But when we finally got back on track and reached a security check point run by a dozen Israeli soldiers, my companions were all relieved… quite literally, since we had to pull to the side of the road so we could all go #1 in some shrubbery.
Anyway, after returning to the highway, we had about twenty minutes of giddy relief, which we filled by playing a rousing alphabet game.
Some of the highlights of “I’m going to the West Bank and I’m gonna bring...” :
A my Ass handed to me (a constant fear of what fate had in store)

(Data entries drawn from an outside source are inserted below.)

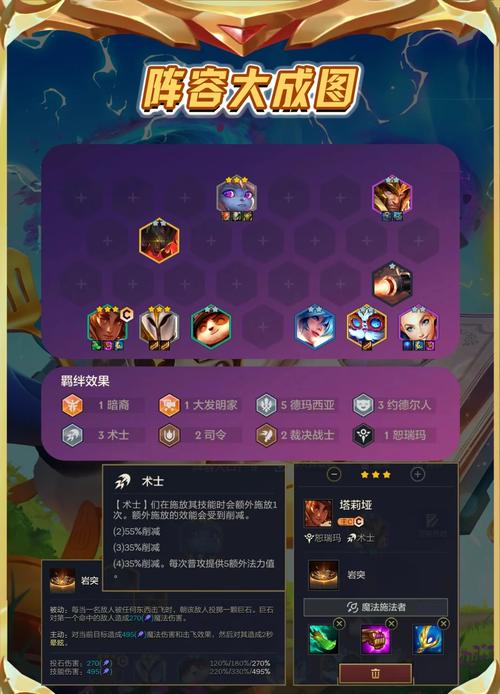 组成的阵容推荐为提莫、塔莉垭、加里奥、琴女、斯维因、维克兹、大头、波比,这些英雄可以形成4术士3德玛3约德尔2法师的羁绊。 强化符文的选取建议优先考虑潘多拉的装备、潘多拉的备战席和投资收益。其次可考虑术士之魂、黄金门票、快速思考和了解你的敌人、二费活力。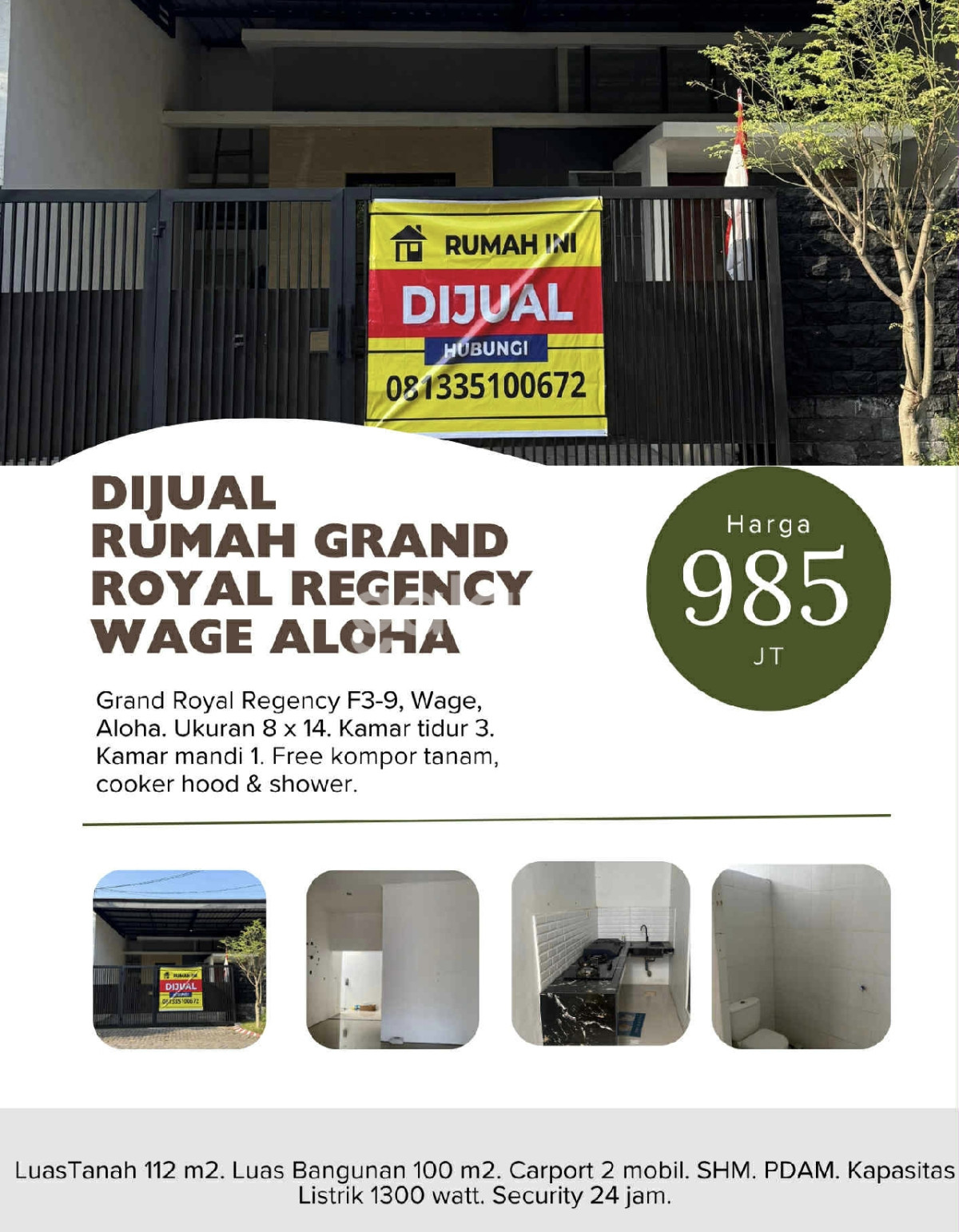 Rumah dijual di Grand Royal Regency Wage Aloha menawarkan hunian nyaman di lokasi strategis. Cocok untuk keluarga yang mencari rumah dengan lingkungan aman dan fasilitas lengkap. berikut spesifikasi nya : - Luas lahan 112 m² - Luas bangunan 100 m² - 3 Kamar tidur - 1 Kamar mandi - Carport untuk 2 mobil - Listrik 1300 watt - Sumber air PDAM - Fasilitas perumahan: Keamanan - Perabotan: KOMPOR - Kondisi: Bagus - Arah: utara - Harga: Rp.983.000.000 Jangan lewatkan kesempatan memiliki rumah idaman yang menawarkan hunian nyaman di lokasi strategis! Rumah ini sangat cocok untuk keluarga yang mencari lingkungan yang aman, tertib, dan didukung dengan fasilitas lengkap di salah satu perumahan paling diminati di Sidoarjo.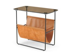 Milos米洛斯 极简 钢化玻璃 超纤皮 碳素钢金属烤漆框架 0.66米边几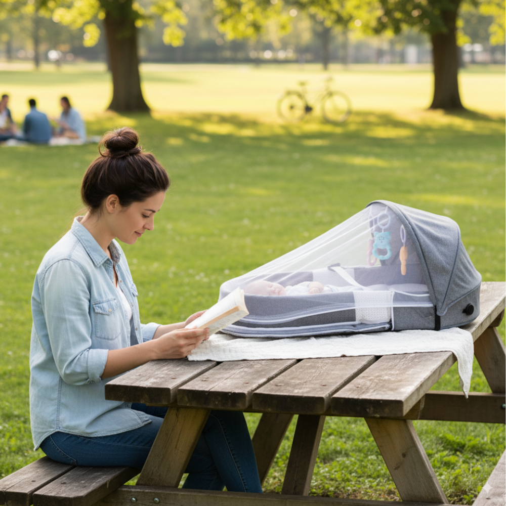 ☀️ Sunlight Protection – Breathable net keeps baby cool.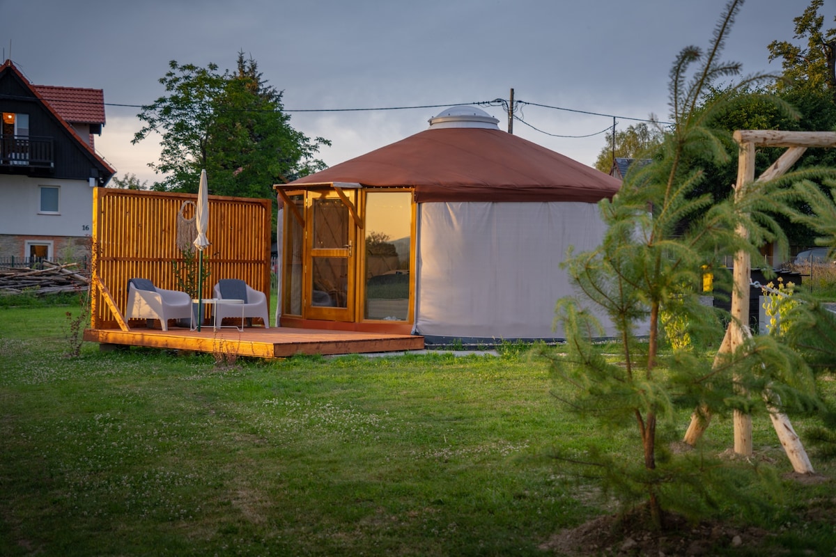 Una yurta totalmente equipada ubicada en una parcela tranquila de 30 áreas en el valle de Kłodzko. Está a 5 minutos en coche de Bard y de muchas tiendas de comestibles y a 30 minutos de Zieleniec. La zona inmediata está dominada por la naturaleza, que consiste en campos y montañas. Ten en cuenta que la leña no está incluida en el precio.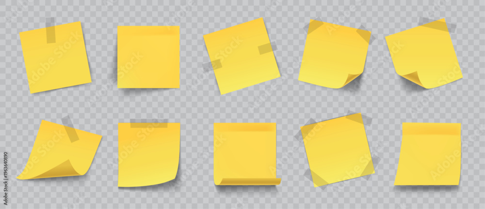 Yellow paper notes. 3D realistic sticky notes, blank memo papers for reminders, office messages organization. Vector isolated set #1963640890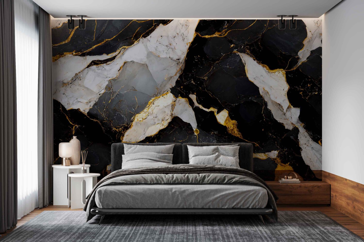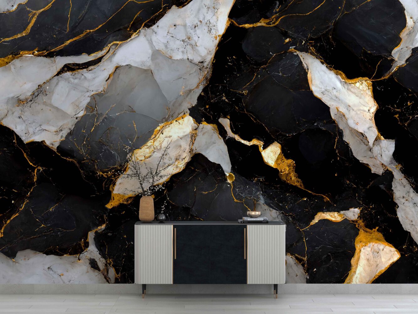 Gold Damarlı Siyah-Beyaz Mermer Desen Duvar Kağıdı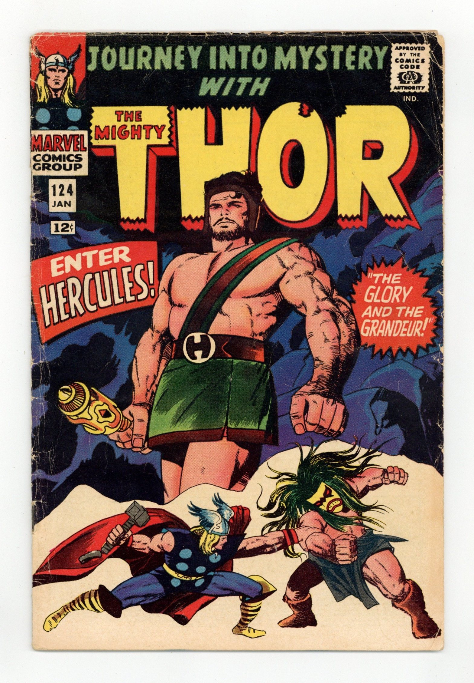Cover pencils by Jack Kirby, inks by Vince Colletta. First appearance of Atlas in "The Grandeur and the Glory!", script by Stan Lee, pencils by Jack Kirby, inks by Vince Colletta; Thor learns of a "demon" terrorizing the jungles of Asia; Donald Blake reveals his secret to Jane, infuriating Odin; And, Zeus dispatches Hercules to Earth to deal with the native turned "Demon." Tale of Asgard: "Closer Comes the Swarm!", script by Stan Lee, pencils by Jack Kirby, inks by Vince Colletta; While the Asgardians are licking their wounds after a battle with a dragon, Queen Ula sends out the Flying Trolls of Thryheim to finish them off. Appearances by Balder, Hogun, Fandral, and Volstagg. 36 pgs., full color. $0.12. Cover price $0.12.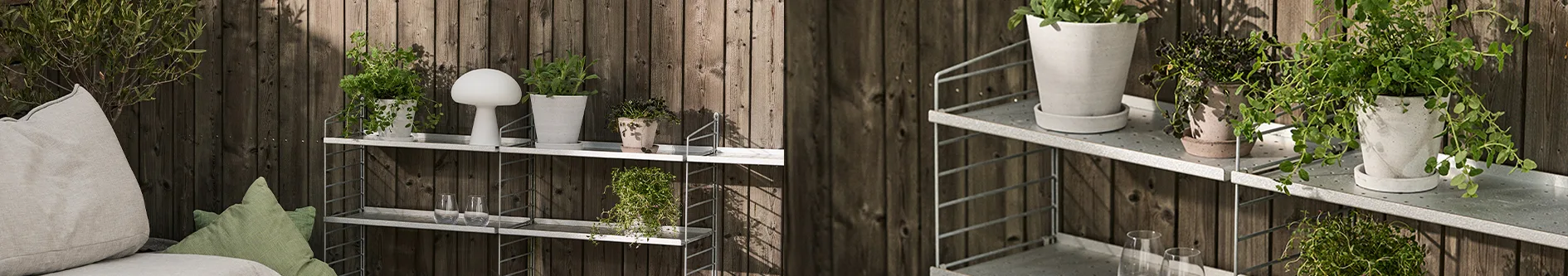 Stringhyllan passar in i hemmets alla rum, även i uterummet. String Outdoor är tillverkad i galvaniserat stål för att klara av att stå emot väder och vind utomhus. String Outdoor öppnar upp för trädgårdsförvaring på ett helt nytt spännande sätt. Där du helt enkelt får möjligheten att inreda din uteplats med ett vackert och tidlöst hyllsystem.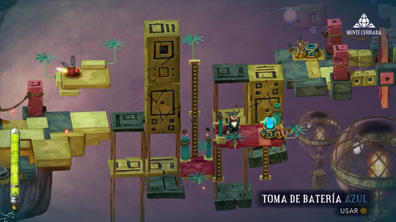 Estamos ante un plataformero con vista aérea y acertijos de entorno, si bien el progreso es bastante lineal en el mundo de la mente, puedo decir que los acertijos son la mar de intuitivos y divertidos de superar, en donde constantemente tendremos que estar adivinando el orden correcto de activación de los interruptores que nos ayudarán a desbloquear nuestro camino al activar plataformas o luces que limpien el avance.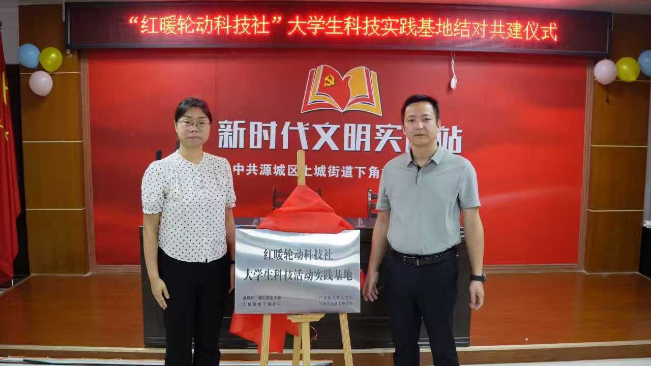下午,广东技术师范大学汽车与交通工程学院与河源市源城区上城街道团工委、下角社区居委会三方共建“红暖轮动科技社大学生科技实践基地”签约揭牌仪式在下角社区举行。学院党委副书记邝绮琳、上城街道党工委副书记陈景力等领导出席见证。

E Elderly Toyota Driver (we followed his rusted pick-up, which appeared to be from 1986, out of a small Arab village, finally bidding him farewell with the Arabic version of “Thanks”— “Shook-rahn,” and the classic “Salaam Aleikhem.”)
F Fear, blinding fear
G Guts
J Jews, on the D.L.
L Lost and Helpless look on my face
N No clue
P Pissing behind a tree
Q Quotes from “Indiana Jones” (esp. from “The Last Crusade,” spoken by Sean Connery—“We are pilgrims in an unholy land.”)
R Regrets… so many regrets
S Stories to tell
U Uncomfortable conversations with Arab men
V Voices in my head, telling me “Go back!”
W Westward the wagons… to safety
X Xenophobia
The West Bank is a huge chunk of land. Not like the Gaza Strip. But the people we met didn’t look any different than Israelis.
And the experience brought me and my wife and our friends closer than any trek up Massada or trip to the Western Wall ever could.
Not that I would recommend it.
But remember—
Nothing in life goes “according to plan.”
Always bring an extra pair of underwear... just in case there's no shrubbery.
.
Friday, April 30
"Go West (Bank), young men!"
.
"And now, behold, the LORD hath kept me alive... while the children of Israel wandered in the wilderness"
-Joshua 14:10
My wife and I were just in the West Bank
... not on purpose.
We were driving in a rental car with some friends and got lost.
Yeesh.
There are no athiests in a rental car that's lost in a DMZ.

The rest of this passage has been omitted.